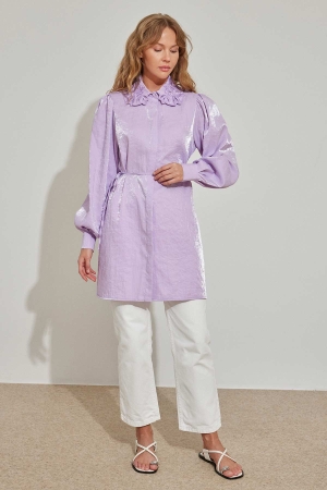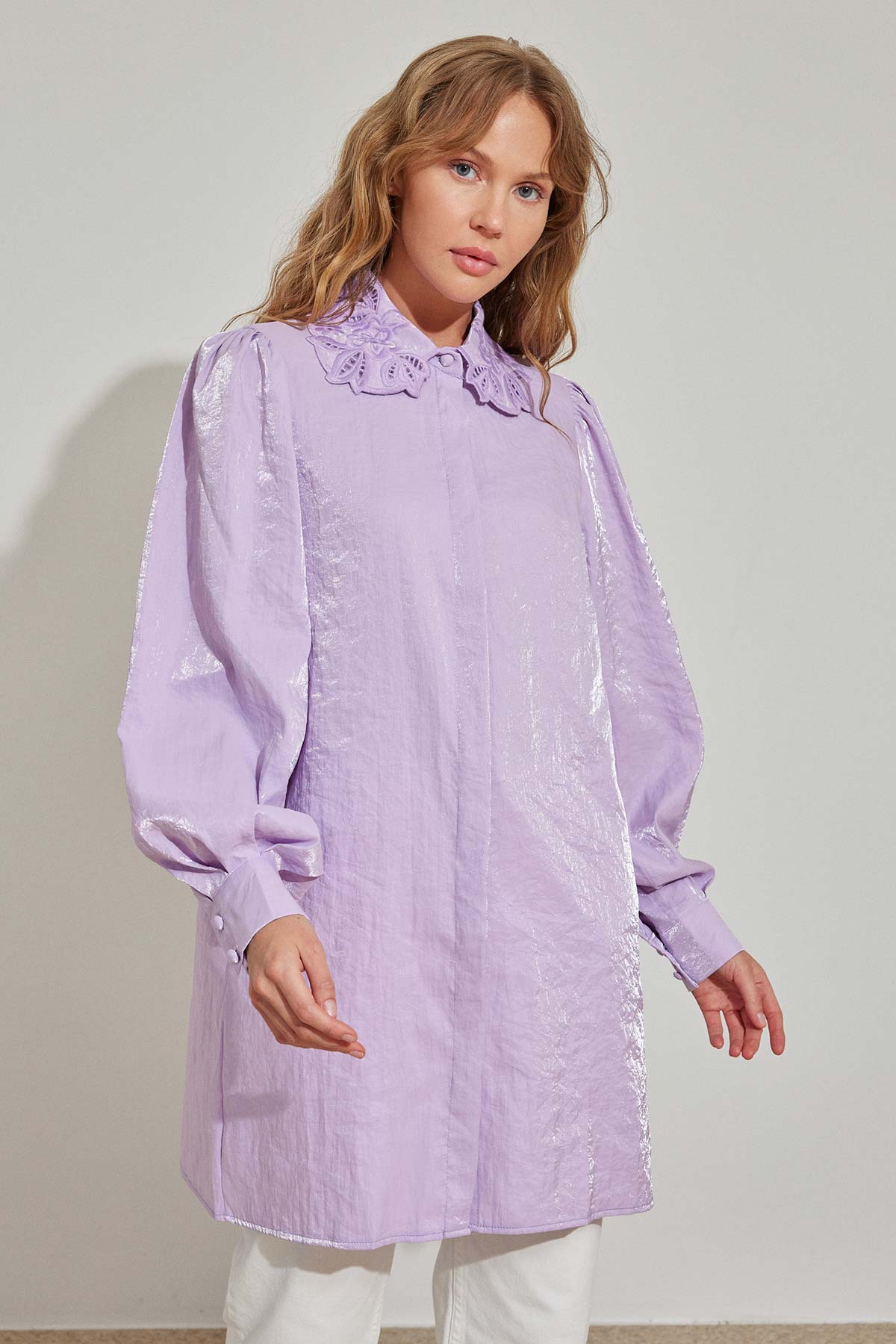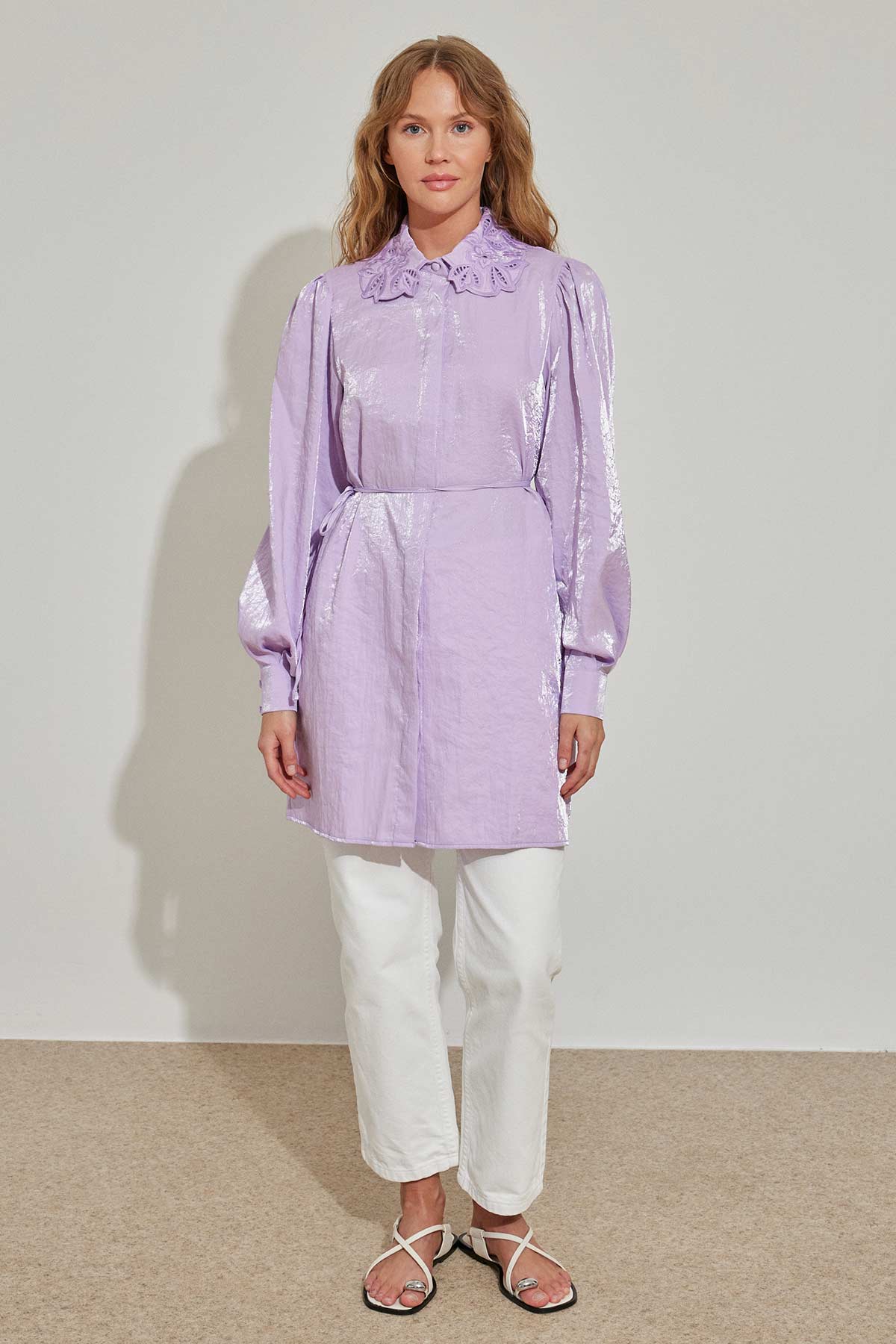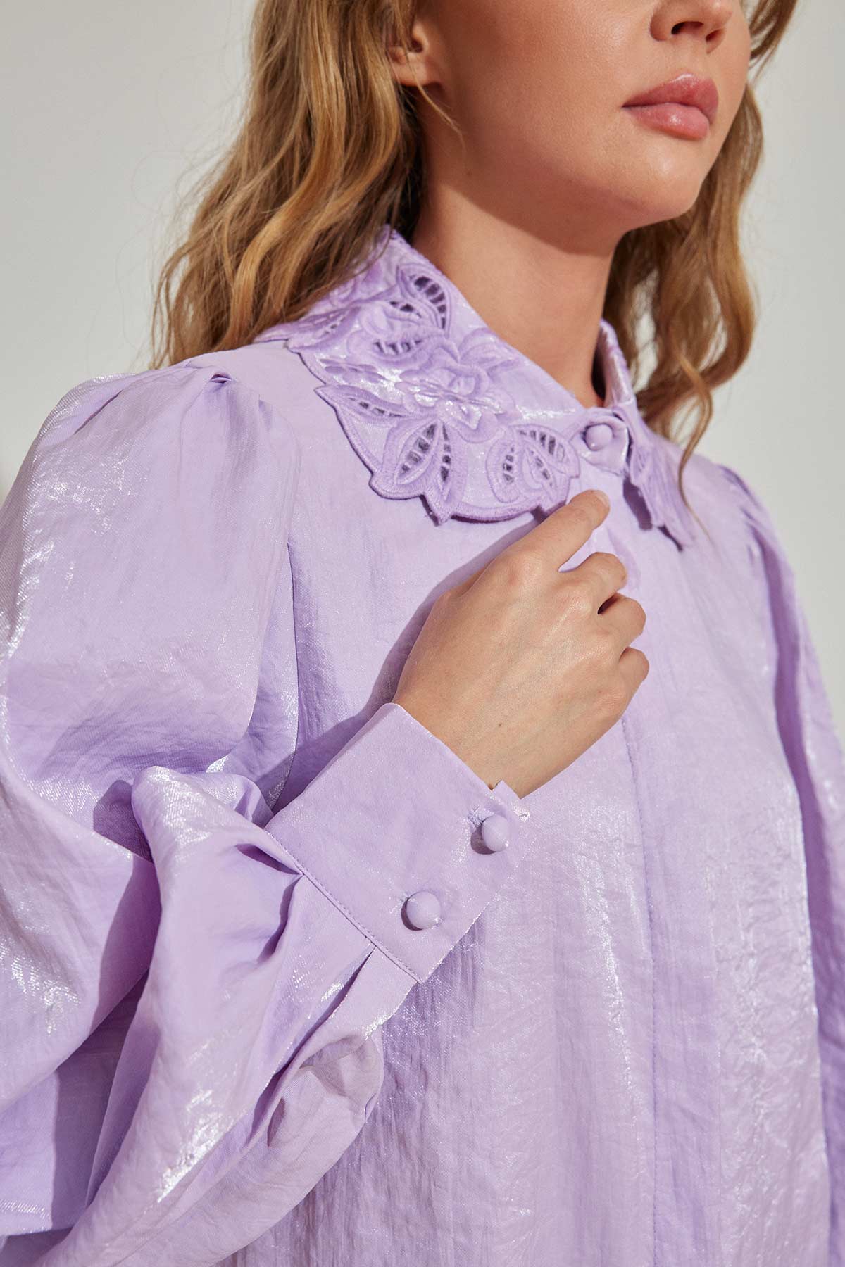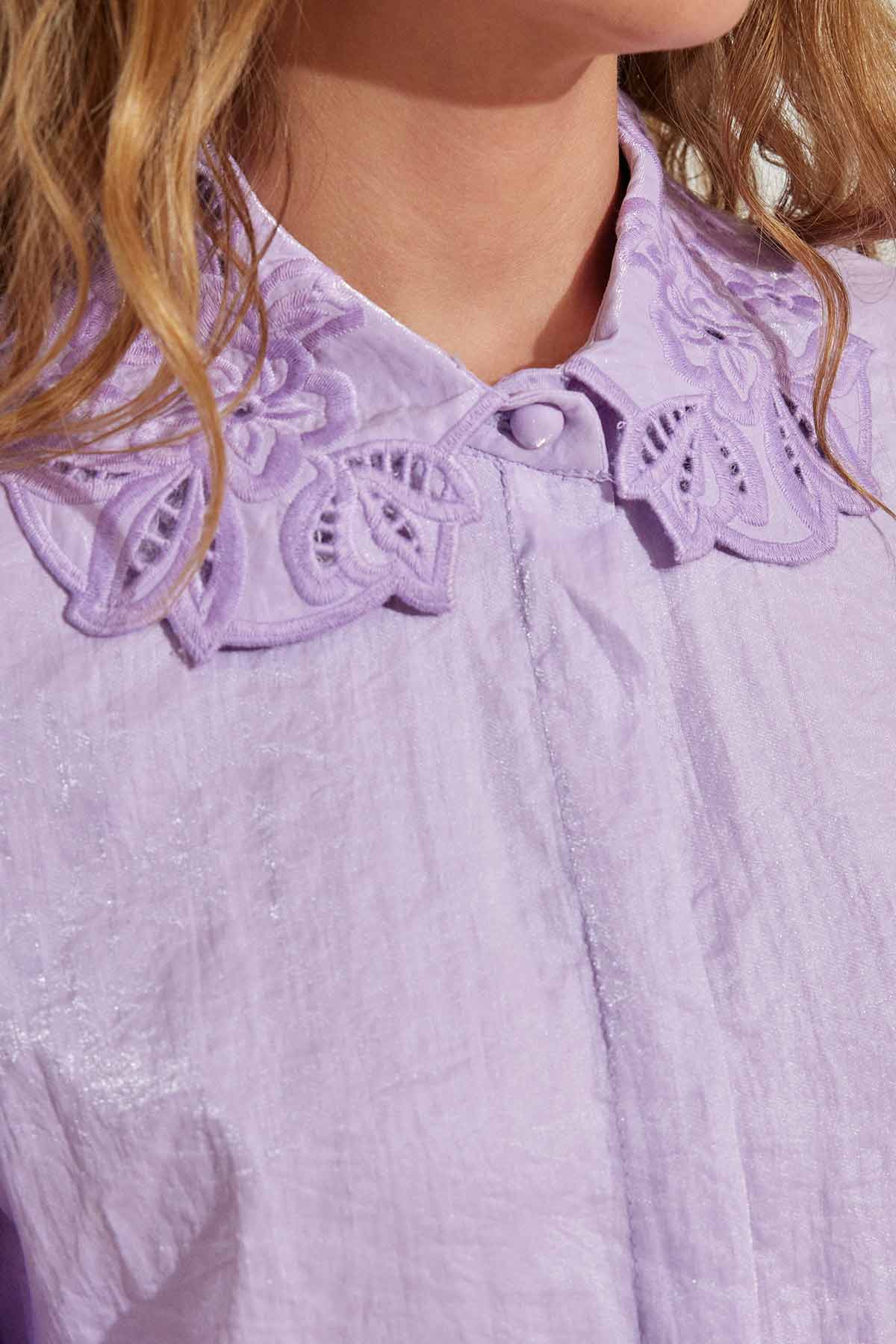 مميزات القميص بياقة مطرزة: قميص بتطريز على الياقة، فتحة أمامية مخفية، أكمام منفوخة، أساور وتفاصيل ثنيات، حزام متحرك رفيع مصنوع من قماشه الخاص، قصة مريحة، ملمس مشرق. 80% نايلون 20% بيس غسيل لطيف. تنظيف جاف.
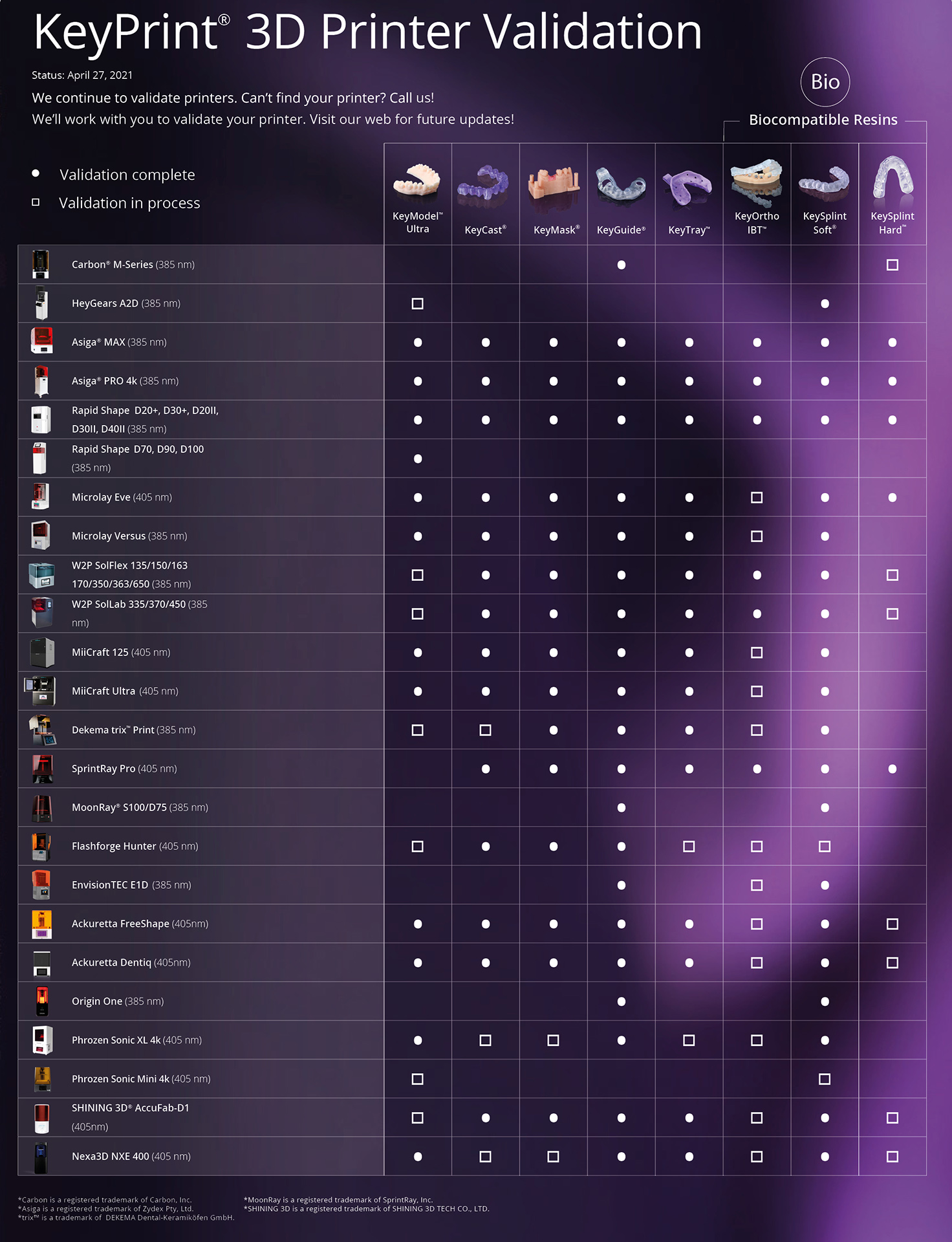 Keystone industries offre un’ampia gamma di resine compatibili in continuo sviluppo con il costante supporto dei produttori di stampanti leader del settore.
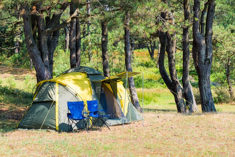 Палатка для кемпинга и пара стульев в живописном месте среди сосновых деревьев
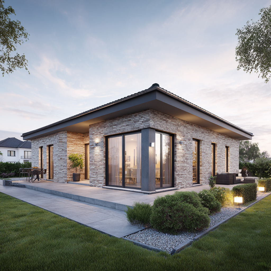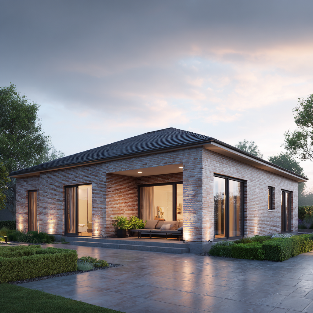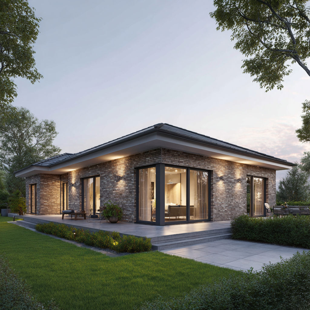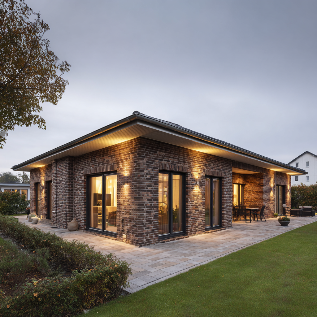 Klar, kompakt und verlässlich, der Bungalow „Küstenhain 104“ steht für bodenständige Architektur und norddeutsche Beständigkeit. Der rotbraune Klinker, das klassische Satteldach und die klare Raumaufteilung schaffen ein Zuhause mit Charakter. Massiv gebaut, energieeffizient und mit Festpreis- sowie Bauzeitgarantie, ein Haus, das Ruhe und Sicherheit ausstrahlt.
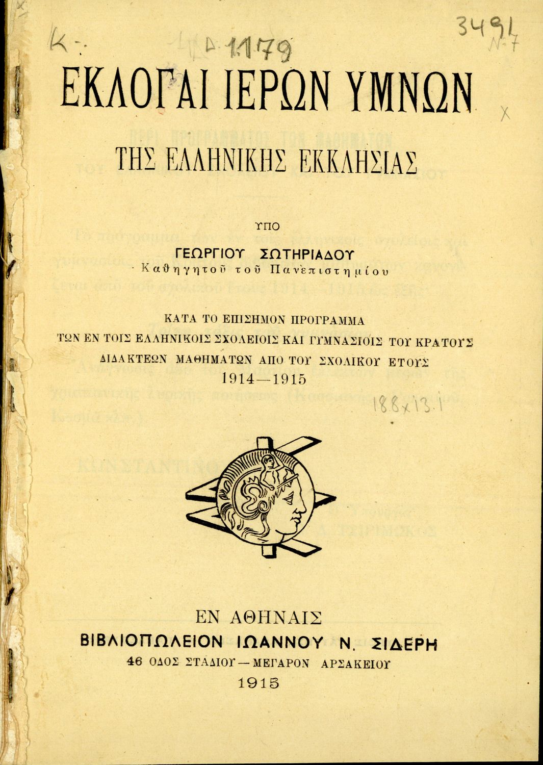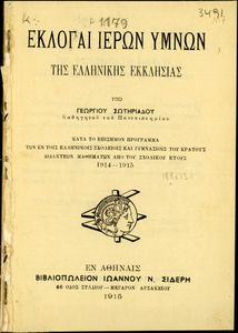 Κωδικός αναγνώρισης: 20-03491 Τίτλος: Εκλογαί ιερών ύμνων της ελληνικής εκκλησίας κατά το επίσημον πρόγραμμα των εν τοις Ελληνικοίς Σχολείοις και Γυμνασίοις του κράτους διδακτέων μαθημάτων από του σχολικού έτους 1914 - 1915 Συγγραφέας: Γεώργιος Σωτηριάδης Μέγεθος και υπόστρωμα: Σχολικό εγχειρίδιο, 18εκ., μαλακό εξώφυλλο, 64 σελίδες. |

• [Exercise description] Word for word, set down every line of the records above, and leave the pictures out.

• [The completed task]
 مميزات القميص بياقة مطرزة: قميص بتطريز على الياقة، فتحة أمامية مخفية، أكمام منفوخة، أساور وتفاصيل ثنيات، حزام متحرك رفيع مصنوع من قماشه الخاص، قصة مريحة، ملمس مشرق. 80% نايلون 20% بيس غسيل لطيف. تنظيف جاف.
 Keystone industries offre un’ampia gamma di resine compatibili in continuo sviluppo con il costante supporto dei produttori di stampanti leader del settore.
 Палатка для кемпинга и пара стульев в живописном месте среди сосновых деревьев
 Klar, kompakt und verlässlich, der Bungalow „Küstenhain 104“ steht für bodenständige Architektur und norddeutsche Beständigkeit. Der rotbraune Klinker, das klassische Satteldach und die klare Raumaufteilung schaffen ein Zuhause mit Charakter. Massiv gebaut, energieeffizient und mit Festpreis- sowie Bauzeitgarantie, ein Haus, das Ruhe und Sicherheit ausstrahlt.
 Κωδικός αναγνώρισης: 20-03491 Τίτλος: Εκλογαί ιερών ύμνων της ελληνικής εκκλησίας κατά το επίσημον πρόγραμμα των εν τοις Ελληνικοίς Σχολείοις και Γυμνασίοις του κράτους διδακτέων μαθημάτων από του σχολικού έτους 1914 - 1915 Συγγραφέας: Γεώργιος Σωτηριάδης Μέγεθος και υπόστρωμα: Σχολικό εγχειρίδιο, 18εκ., μαλακό εξώφυλλο, 64 σελίδες. |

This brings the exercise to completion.